Many people here in Aotearoa and globally have been negatively affected by the treatment that was thought to be best practice before the turn of the 21st century. This resulted in the development of VSC advocacy groups worldwide in the late 90’s and early 2000’s.

In post-colonial Aotearoa there had been a culture of silence, non-disclosure and stigma attached to an individual born or diagnosed with a VSC. In Aotearoa, ITANZ was established in 1996 with the purpose to advocate for change and offer support and education.

Medical institutions have reviewed and revised the treatment protocols and guidelines for people born with a VSC. In 2006 and again in 2016, a global consortium of experts made suggested changes, and called for better communication, cessation or delay of appearance based genital surgeries, psychological support and more research.

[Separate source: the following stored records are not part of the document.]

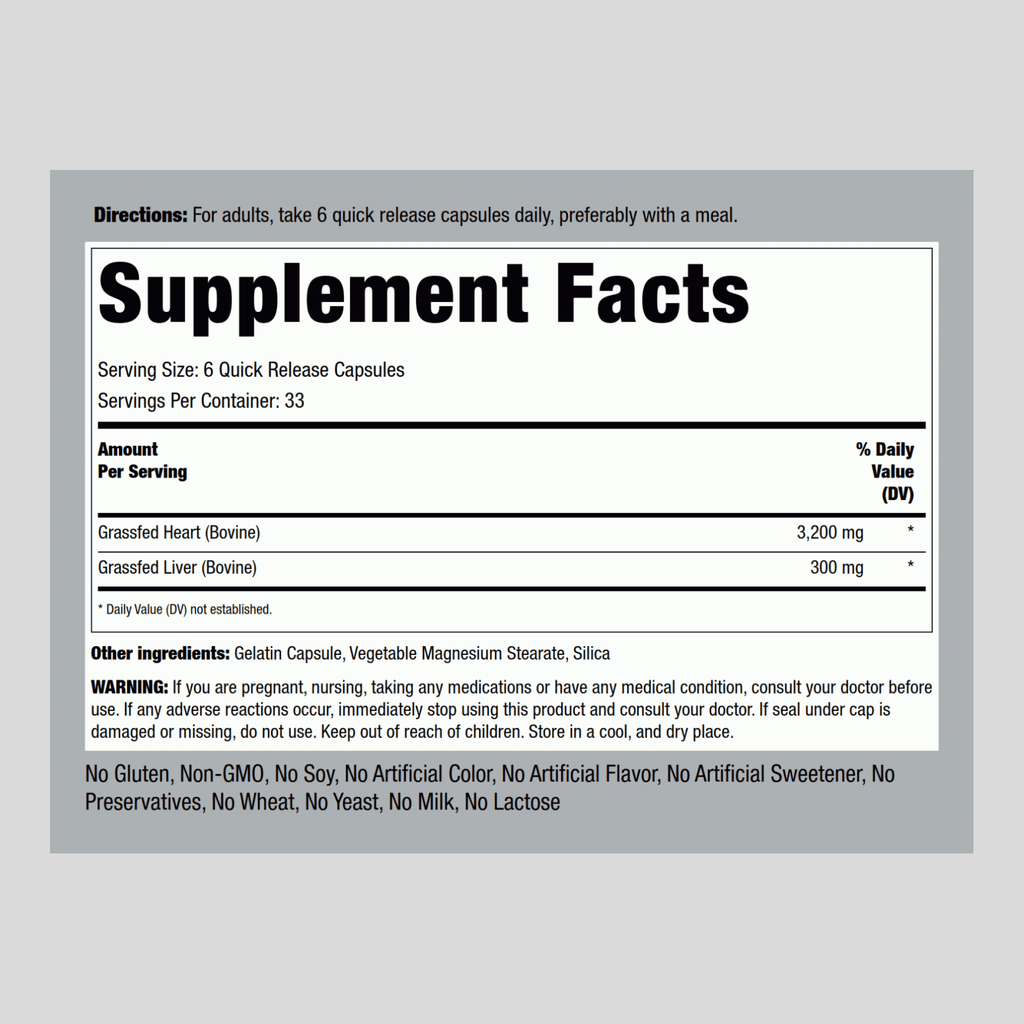 Grass Fed Beef Heart, 3200 mg (per serving), 200 Quick Release Capsules
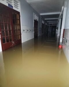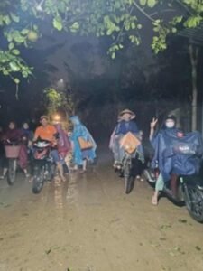 Chị Bề trên với vẻ mặt ưu tư, khoác áo mưa, đi khắp nhà xem xét tình hình. Chị cũng không ngại xắn tay áo dọn dẹp, chỗ nào khó là có chị. Chị Quản lý thì lo cất giữ lương thực cho thật an toàn. Các chị khác thì chia nhau dọn dẹp từ trường mẫu giáo đến trường khuyết tật. Riêng với các cháu cũng đi theo phụ các cô để dọn dẹp nhưng tôi thấy trên gương mặt các cháu không bạn nào cảm thấy mệt mỏi, nhưng đàng khác gương mặt các cháu hiện lên vẻ thích thú, tươi cười đùa giỡn với nhau, có vẻ như nó thích đi lội lụt, có em còn reo lên: “Cô ơi, ra ngoài đường coi lụt tới đâu rồi cô ơi!” Khi màn đêm buông xuống, chúng tôi mới tạm xong việc thu dọn. Tất cả đồ đạc đã được kê cao, hy vọng nước không dâng thêm nữa.
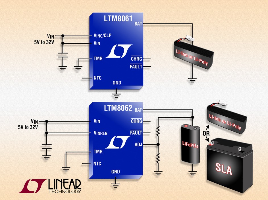 LTM8061特別適用于給鋰離子電池或鋰聚合物電池充電,并具有 4.1V、4.2V、8.2V 和 8.4V的浮動(dòng)電壓。一個(gè)可在外部調(diào)節(jié)的浮動(dòng)電壓使 LTM8062 能支持單節(jié)和多節(jié)鋰離子電池、鋰聚合物電池、磷酸鐵鋰電池 (LiFePO4) 和密封鉛酸 (SLA) 電池充電至 14.4V。
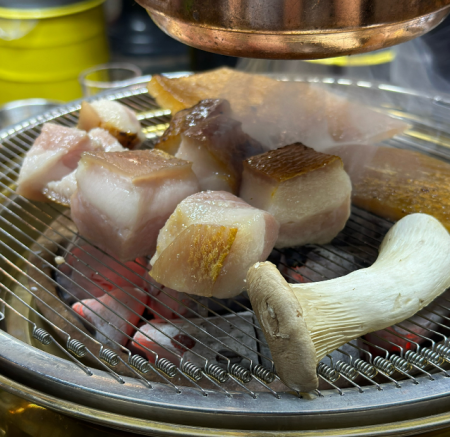 숯불에서 바로 굽다 보니 한 점 먹어보면 진한 숯불향이 나고 목살은 부드럽고 항정살은 식감도 좋고 오래 익히면 고소하고 바삭해집니다.
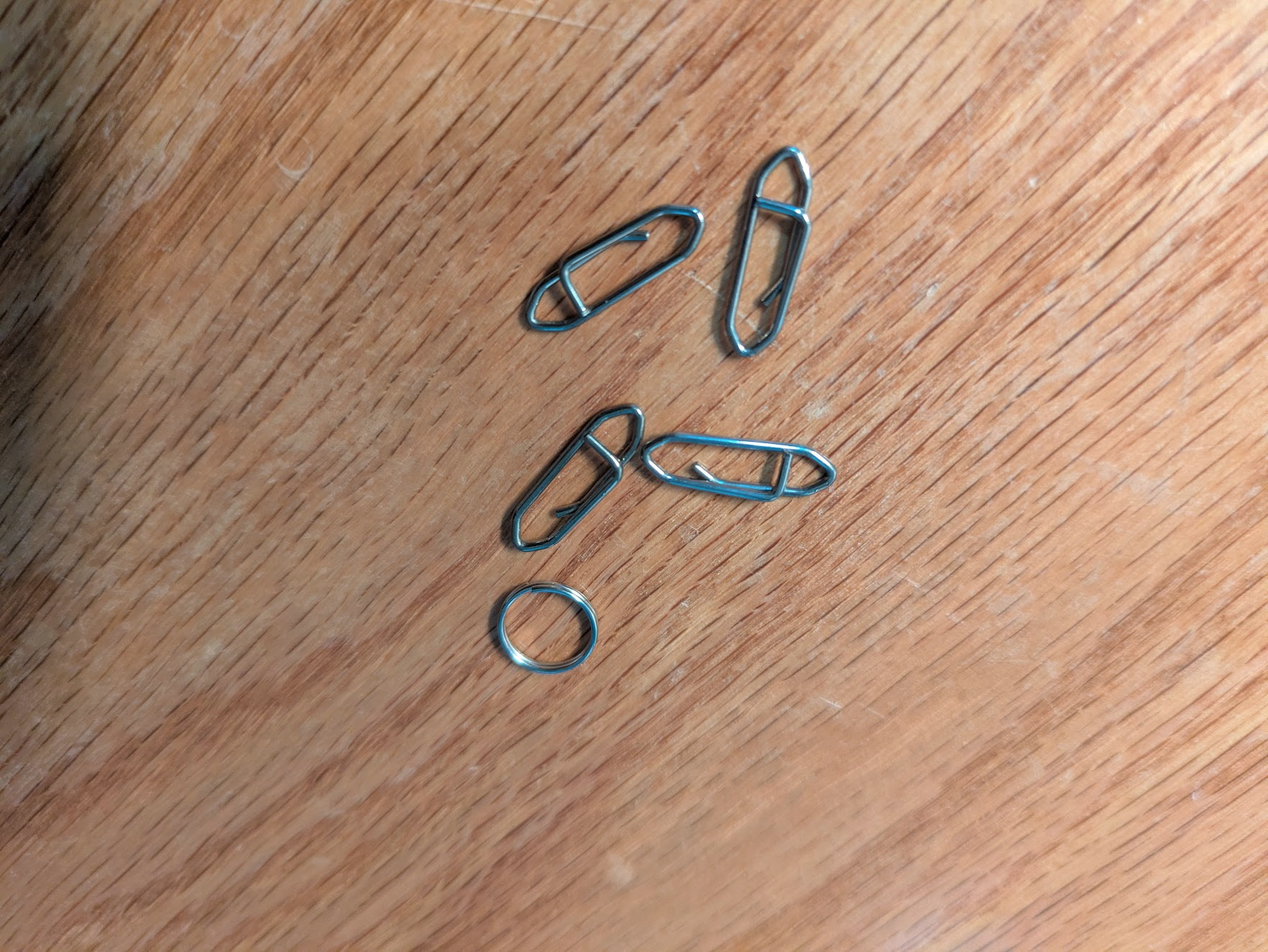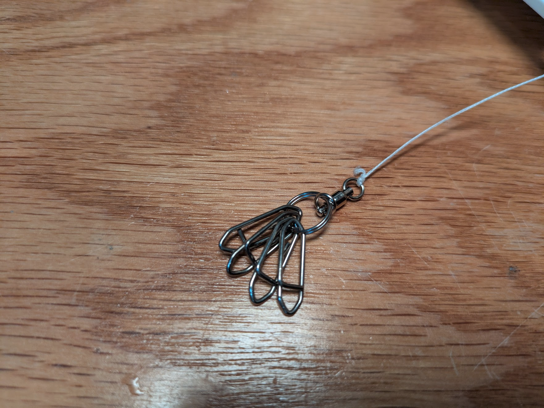 Attach four fishing speed clips to the keyring to accept the swivels from the four anchors during installation. These are just an optional time saver for ease of assembly and disassembly.
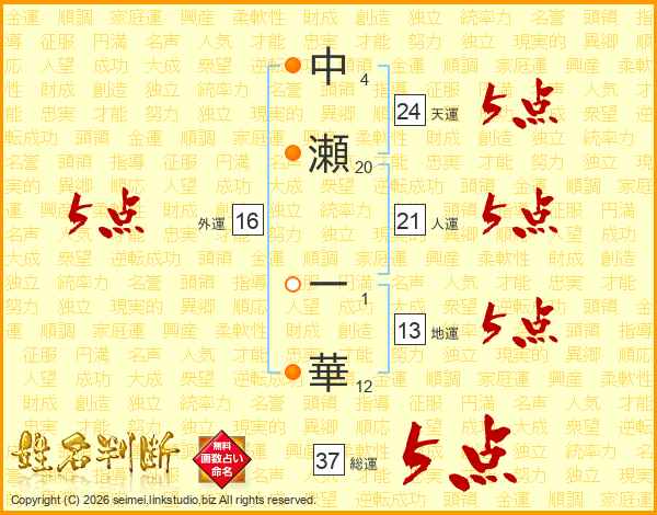 生活面を象徴する運勢です。外部から受ける影響力を表し、結婚運、家庭運や職場、環境への順応性を表します。総運から人運を引いた画数。姓や名が1文字の場合を除く。

These guidelines and recommendations are constantly evolving.

Current context

There have been many positive changes in this current century, including full disclosure around diagnosis and better communication. More work is being done to provide vital access to support parents and children/tamariki.

The Human Rights Commission has hosted two intersex roundtables (2016, 2017) to bring together national experts across many sectors and those with lived experience to foster collaboration for change and consistency.

There continues to be robust debate and differing opinions on the way forward for some healthcare options facing some individuals born with a VSC. This variety of viewpoints is understandable when there is such diversity.

All people with VSC have some things in common. No matter the variation, all healthcare options are presented and discussed in depth both to parents and to children/tamariki in age-appropriate ways. This is one of the many motivators for the development of this guide: to contribute to the ongoing conversations between healthcare professionals, whānau and children/tamariki.